Большую часть исторических знаний «спутники» царевича Пирра узнавали от Гермогена, наставника молодого Эврипонтида. Гермоген, человек, которого никогда не видели улыбающимся, рассказывал о древних временах – о выступлении семерых против Фив и великом походе Агамемнона и Менелая против Илиона, о полулегендарной войне с варварами Дарием и Ксерксом, наводнившим Элладу бесчисленными воинствами мидийцев, о подвиге Леонида в Фермопильском ущелье. И о большой войне, затеянной Спартой за освобождение эллинов от высокомерной силы афинян, той, что сами афиняне прозвали Пелопоннесской, а лакедемоняне называют Архидамовой. О том, как после победы Лакедемон надолго сделался первым из эллинских государств – до жутких поражений от беотийцев. И об упадке Спарты, сгубленной корыстолюбием, как и предрекало древнее прорицание. И, конечно, о великих Агисе и Клеомене, восстановителях государства лакедемонян. О македонянах и римлянах Гермоген рассказывать не любил, поэтому и о битве при Херонее, с поражения в которой началась македонская гегемония в Элладе, и о том, как римляне одолели македонского царя Филиппа, и о великих войнах Республики с восточными монархами «спутники» младшего Эврипонтида знали немногое. Возможно, Гермоген считал, что чем меньше молодые воины знают о подавляющем военном могуществе Рима, тем легче им сохранять разум незамутненным и бороться за будущее Лакедемона.
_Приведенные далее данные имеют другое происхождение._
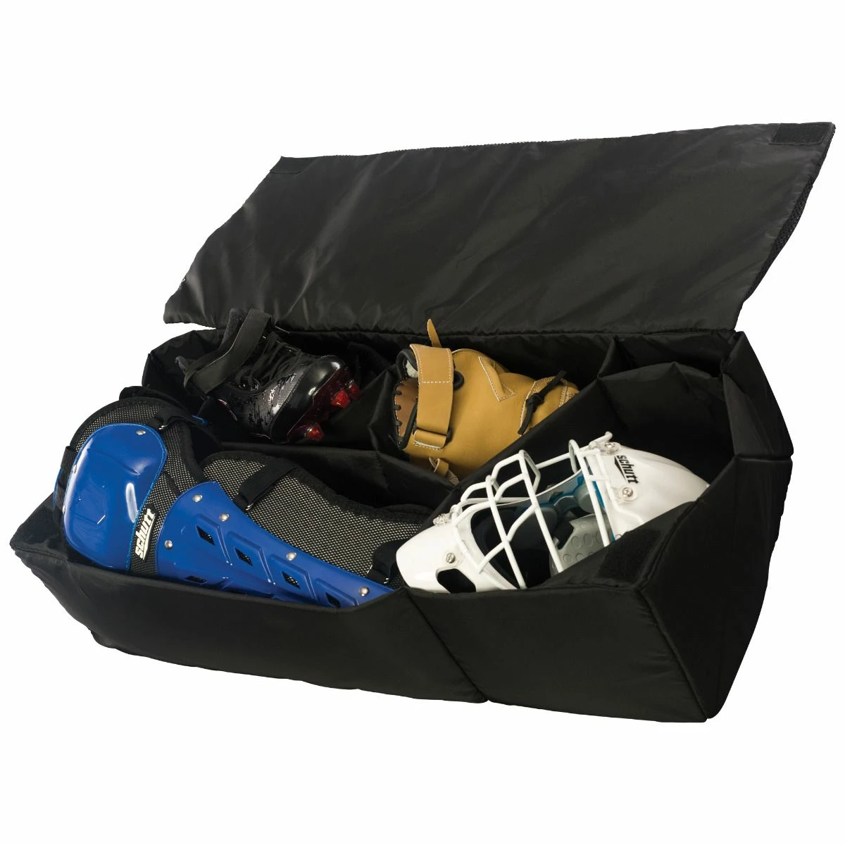 A must have for all catcher’s!! Insert fits perfectly into the Standing Roller Bag. Compartments with sturdy walls seperate your gear. Lid clooses and has three mesh pockets for extra accessories. Removable from bag for easy cleaning. Dimensions 8″ X 32″ X 13″
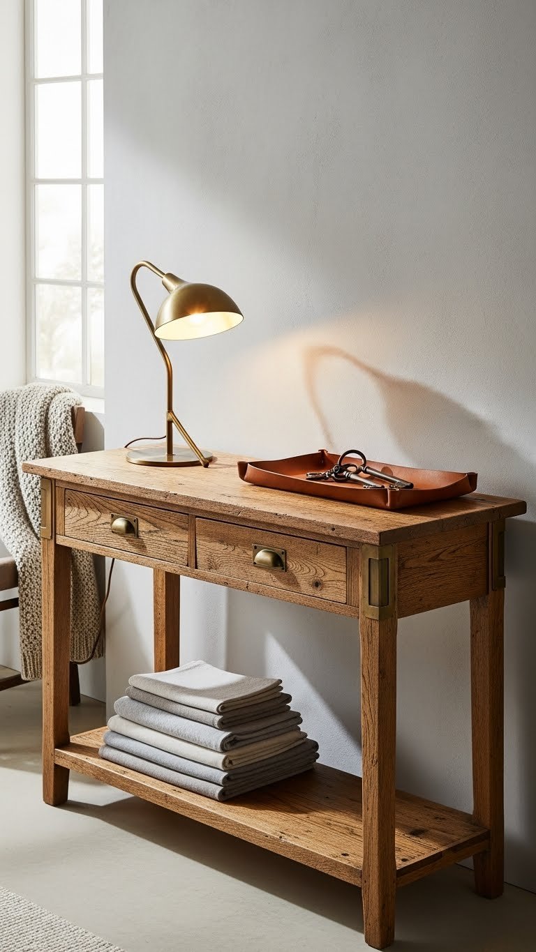 Anchor your entryway with a vintage-inspired console that pairs warm brass accents with timeworn wood grain to create instant character and practical elegance. You’ll choose pieces with graceful vintage silhouettes and solid brass hardware for tactile luxury.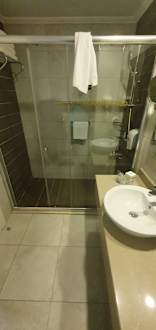 Bad mit sehr großer Dusche mit "eingebauten" Wechselduschen.
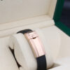 The watch boasts 18ct rose gold casing, a stunning black dial and a cerachrom bezel insert in high-tech ceramic.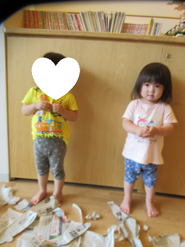 お友だちと一緒に並んで、新聞紙を小さく小さくちぎって楽しんでいました☺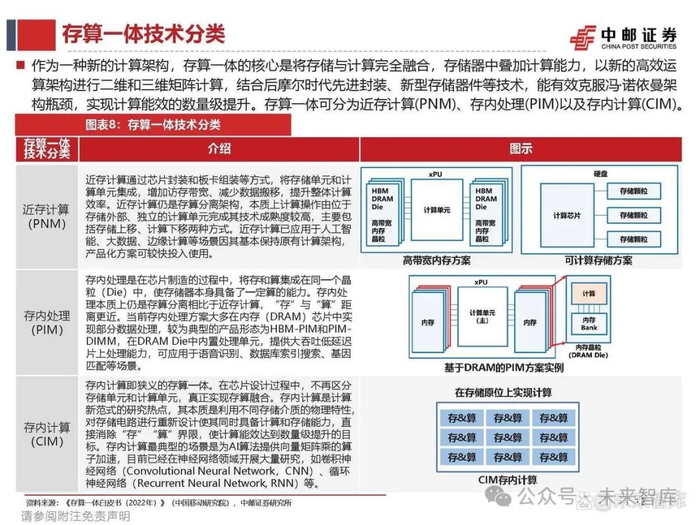 作为一种新的计算架构,存算一体的核心是将存储与计算完全融合,存储器中叠加计算能力,以新的高效运 算架构进行二维和三维矩阵计算,结合后摩尔时代先进封装、新型存储器件等技术,能有效克服冯·诺依曼架 构瓶颈,实现计算能效的数量级提升。存算一体可分为近存计算(PNM)、存内处理(PIM)以及存内计算(CIM)。

В таких обстоятельствах воспитаннику агелы было трудно составить ясное мнение о сложившейся политической ситуации, и потому даже выделяющиеся из общей массы ученики, подобные «спутникам» Пирра, не могли понимать ситуации так, как оценивали ее зрелые государственные мужи.
Укутавшую юного воина дрему спугнул подозрительных шорох. Открыв глаза, он успел уловить движение скользнувшей за полог фигуры. И топчан наследника, стоявший в стороне от других, был пуст! Сон словно кошка слизала. Леонтиск резко выпрямился на ложе. Предчувствие, кислое, как перестоявшая простокваша, сказало ему, что командир вышел в ночь вовсе не по нужде или какому другому столь же естественному делу. Осторожно поднявшись и приблизившись к ложу эномотарха, юноша провел руками под соломенным тюфяком, затем, чтобы удостовериться, обшарил все ложе. Сомнений не было: лаконский меч царевича, железная махайра, вынести которую на улицу праздничной Олимпии уже считалось святотатством, исчезла вместе с хозяином. По плечам Леонтиска пробежал озноб. Однако, не желая в случае ошибки остаться в дураках, он не стал будить никого из мирно сопевших товарищей, а, нащупав ногами сандалии и натянув через голову хитон, выскользнул в ночь вслед за сыном царя.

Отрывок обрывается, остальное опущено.